→ **The problem**:
Using only the entries below, output the lines starting at the one containing "The Forest has" and ending at the one containing "Figure 3 Representation of Isaac Newton.", exactly and inclusive of both, omitting the pictures.

→ **Data in this exercise**:
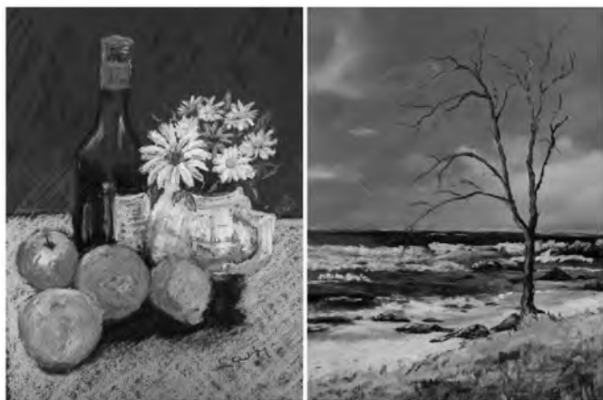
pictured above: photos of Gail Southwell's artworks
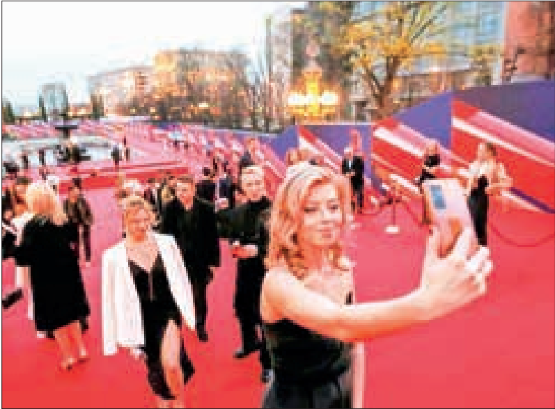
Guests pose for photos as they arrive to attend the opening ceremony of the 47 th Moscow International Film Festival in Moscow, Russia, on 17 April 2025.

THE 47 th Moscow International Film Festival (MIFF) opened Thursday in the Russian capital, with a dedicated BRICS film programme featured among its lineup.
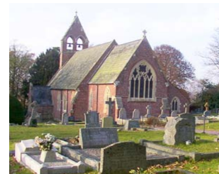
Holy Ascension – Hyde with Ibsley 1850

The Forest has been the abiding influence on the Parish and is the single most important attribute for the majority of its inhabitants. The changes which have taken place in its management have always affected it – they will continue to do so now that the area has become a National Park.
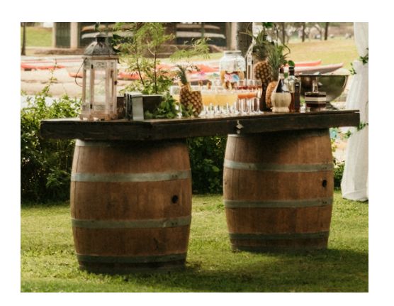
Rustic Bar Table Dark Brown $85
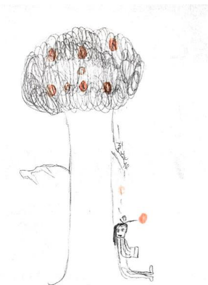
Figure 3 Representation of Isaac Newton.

---

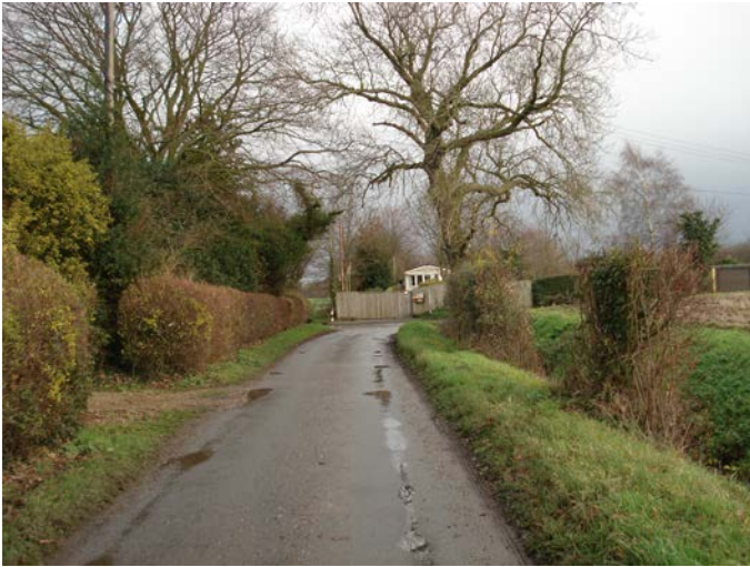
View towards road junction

→ **Your response**:
The Forest has been the abiding influence on the Parish and is the single most important attribute for the majority of its inhabitants. The changes which have taken place in its management have always affected it – they will continue to do so now that the area has become a National Park.
Rustic Bar Table Dark Brown $85
Figure 3 Representation of Isaac Newton.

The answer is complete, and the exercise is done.